Namen sind Schall und Rauch…

Da wundern sich Peter und Rainer: Mit der Migration nach Deutschland wächst auch die Namensvielfalt. Denn ausländische Vornamen werden jetzt auch gerne schon mal eingedeutscht; oder ganz einfach falsch ausgesprochen und dann verdreht. Ein Mordsspaß! Außerdem wollen immer mehr deutsche Eltern möglichst ausgefallene Namen für ihre Sprösslinge, und das schafft wiederum Verwirrung.

Jedes Jahr werden derzeit in Deutschlands Standesämtern 1000 (tausend) Vornamen eingetragen, die es hierzulande vorher gar nicht gab. Die Uni Leipzig unterhält deshalb seit den 60er Jahren eine Namensberatungsstelle; und wer wüsste besser über deutsche (und andere) Namensgebung Bescheid als die!

Allein 2014 registrierten die Forscher 41.514 unterschiedliche Vornamen.
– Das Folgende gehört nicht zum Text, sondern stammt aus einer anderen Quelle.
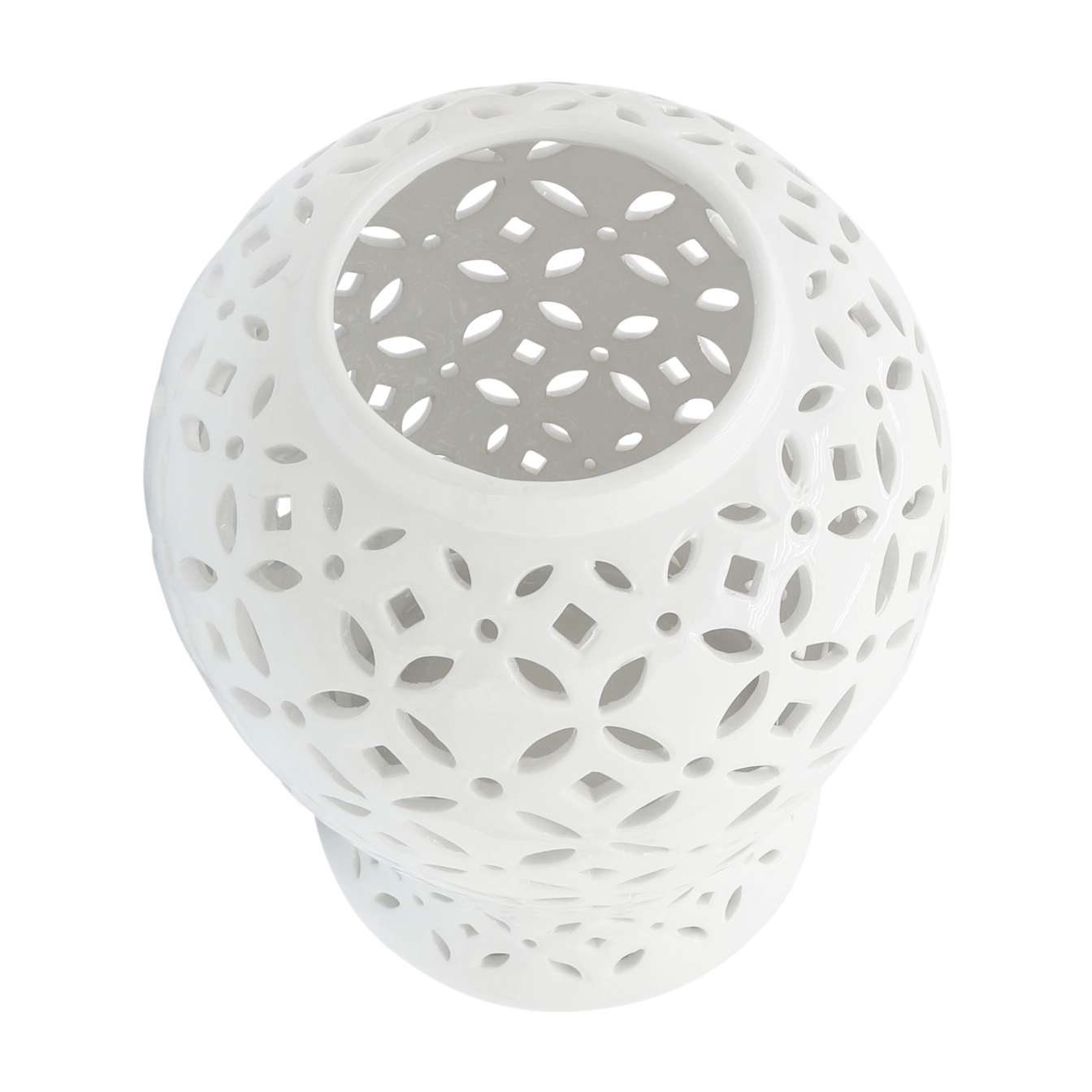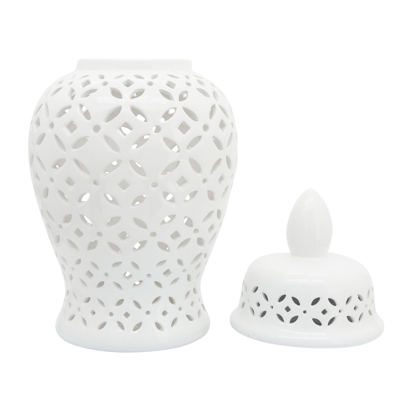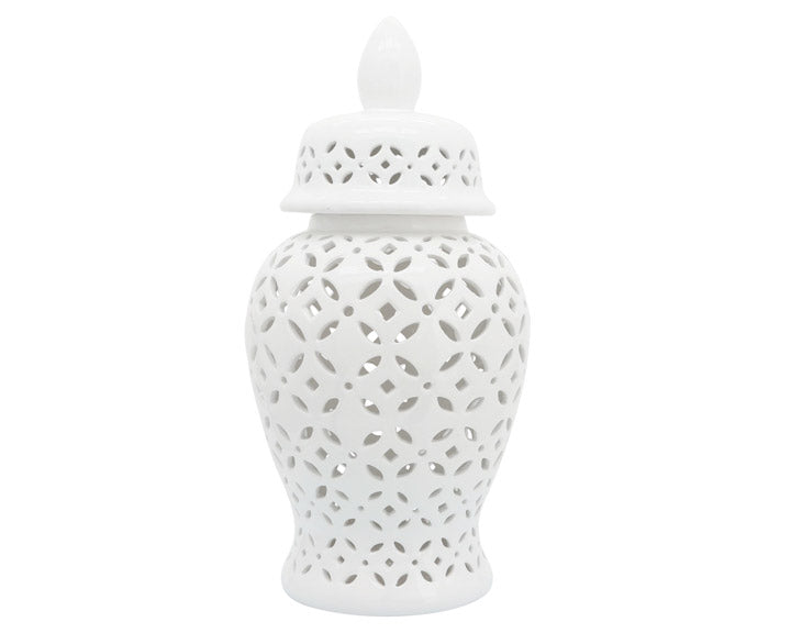Elevate your decor with this stunning white ceramic jar featuring intricate cutout patterns. Its timeless design adds sophistication to any home or living room, making it a perfect accent piece for classic interiors. Its sturdy stoneware build is resistant to chipping and fading, offering a lasting statement piece for your bedroom, office, or entryway. Ideal for tabletops or console tables, this elegant white jar blends seamlessly with various decor styles. Whether placed alone or paired with other pieces, it enhances your space with a refined and luxurious aesthetic.

So ganz neu sind die Namen aus dem arabischen, türkischen, kurdischen oder persischen Raum in Deutschland aber auch nicht mehr. Schließlich stammen viele Kinder von da aus Familien, die in den vergangenen Jahrzehnten hier eingewandert sind. JASMIN zum Beispiel ist ein alter persischer Name, der mittlerweile auch als deutscher Name durchgeht. Nicht durchgegangen sind bei den Behörden die folgenden Kracher: Superman, Wikileaks und Waldmeister wurden als Kindernamen nicht anerkannt. Schade eigentlich. Denn die dazugehörigen Kurz-Rufnamen wären sicherlich der Hit: Überflieger, Wicki und Bowle kämen bestimmt gut.
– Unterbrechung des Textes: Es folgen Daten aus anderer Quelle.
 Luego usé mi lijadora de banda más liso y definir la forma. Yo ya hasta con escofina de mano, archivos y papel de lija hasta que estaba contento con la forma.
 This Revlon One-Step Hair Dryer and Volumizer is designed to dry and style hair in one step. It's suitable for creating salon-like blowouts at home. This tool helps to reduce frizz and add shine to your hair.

Aber dann gibt's ja noch die Kracher, die tatsächlich durchgegangen sind – man lese, höre und staune: Xantippe, Anakin, Meymar, Sequoia, Godsgift, Buckminster, Schnuckelpupine, Prinz-Gold – alles das sind Namen, die kürzlich auf deutschen Geburtsurkunden erfasst wurden. Die dazugehörigen Kurzformen mag sich jetzt jeder selbst ausdenken. Aber ich könnte auch mit Herbert und Günther leben oder mit Karl oder mit Fritz oder mit Michael. Aber mit dem leb' ich ja, ist ja mein eigener Name.
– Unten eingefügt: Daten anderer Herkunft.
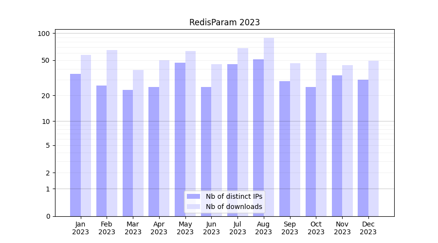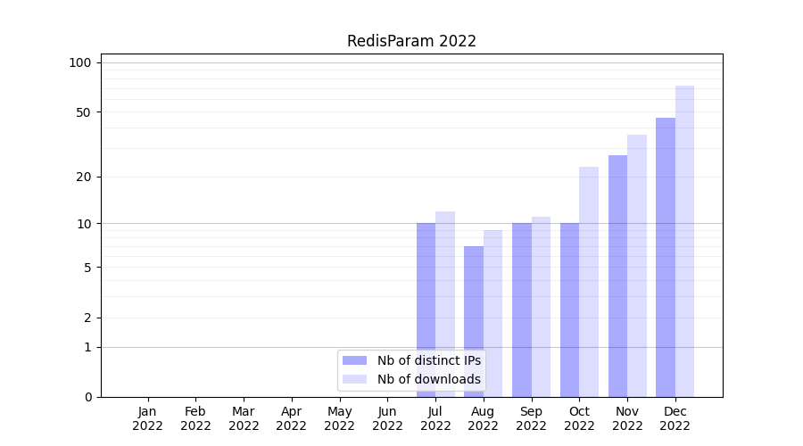 Number of downloads for software package RedisParam, year by year, from 2025 back to 2014 (years with no downloads are omitted):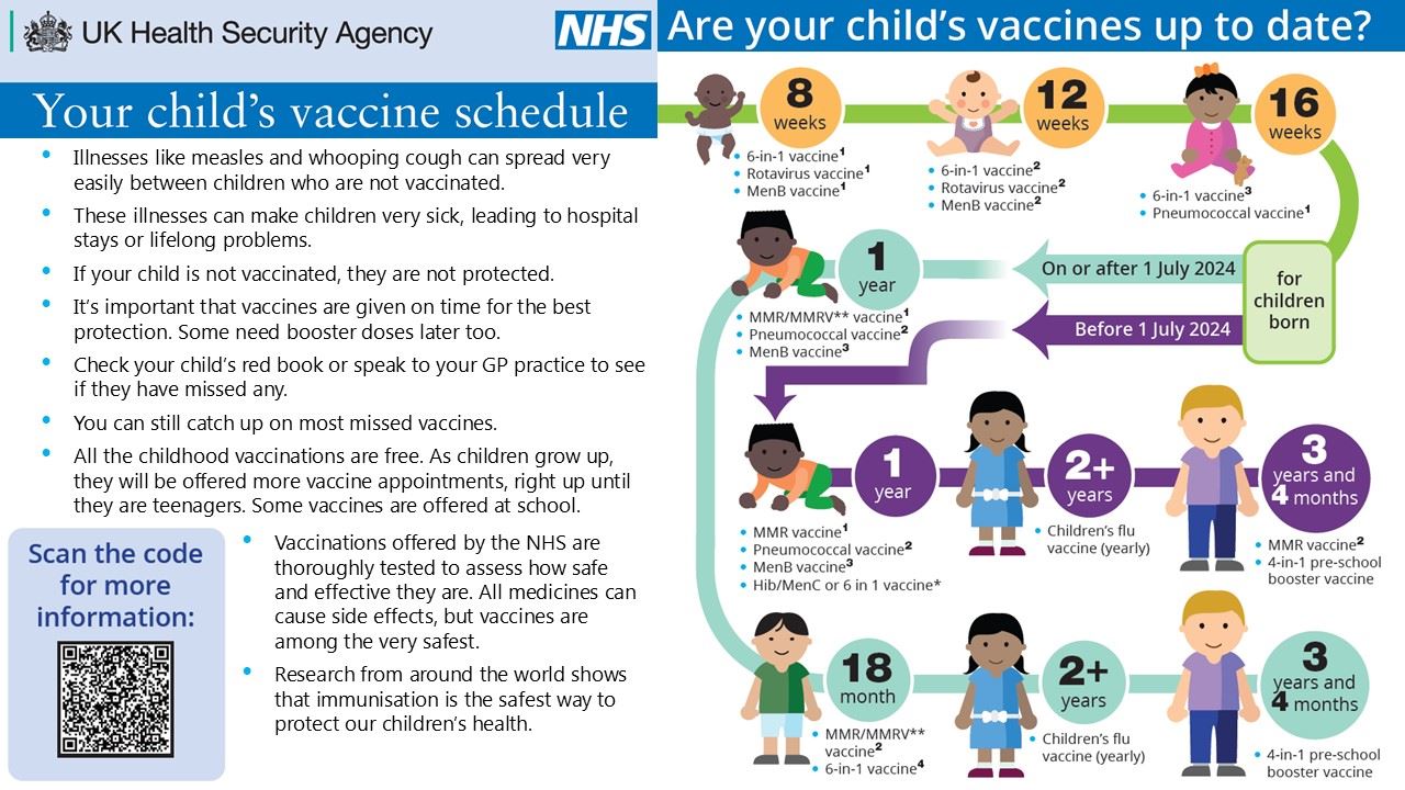 Parents and carers can find out more about the different vaccines their child should have and when by visiting www.nhs.uk and searching for ‘NHS vaccinations and when to have them’.

Die Hessen haben mit ihrem Dialekt übrigens ganz andere Namensprobleme, wie ein abgefangener Funksprechverkehr aus dem hessischen Weltraum zeigt: - Gehmerhie 5, Gehmerhie 5, bitte melden, hier Bodenstation Bembel 1. - Hier Gehmerhie 5 an Bembel 1, alles Roger. - Start klar, Countdown läuft, ten, nine, eight, seven… - Moment emal, Bembel 1, ich kann kein französisch. - Des is englisch, Roger. - Ich heiß net Roger, ich heiß Günther. - Ja, Günther, wir wissen des, alles, Roger, Günther, wir zählen auf deutsch. - Alles Bembel, Roger. - Des heißt: Alles Roger, Bembel Günther. - Nein, ich heiß´ net Bembel Günther. Günther ist der Vorname. Günther Höhl, Höhl, ist des Roger? - Hier Possmann 1 an Bembel 1. Was ist denn los mit Euerm Start? Ich bin hier in Schwierigkeiten. Ich flieg´ grad durch en Hämmorrhoidenschwarm und mein Haklefeutchtschirm klemmt, verstanden, Roger? - Ich heiß´ Günther.

So, und diesen Dialog übersetzen Sie jetzt bitte ins Arabische! Alles Roger?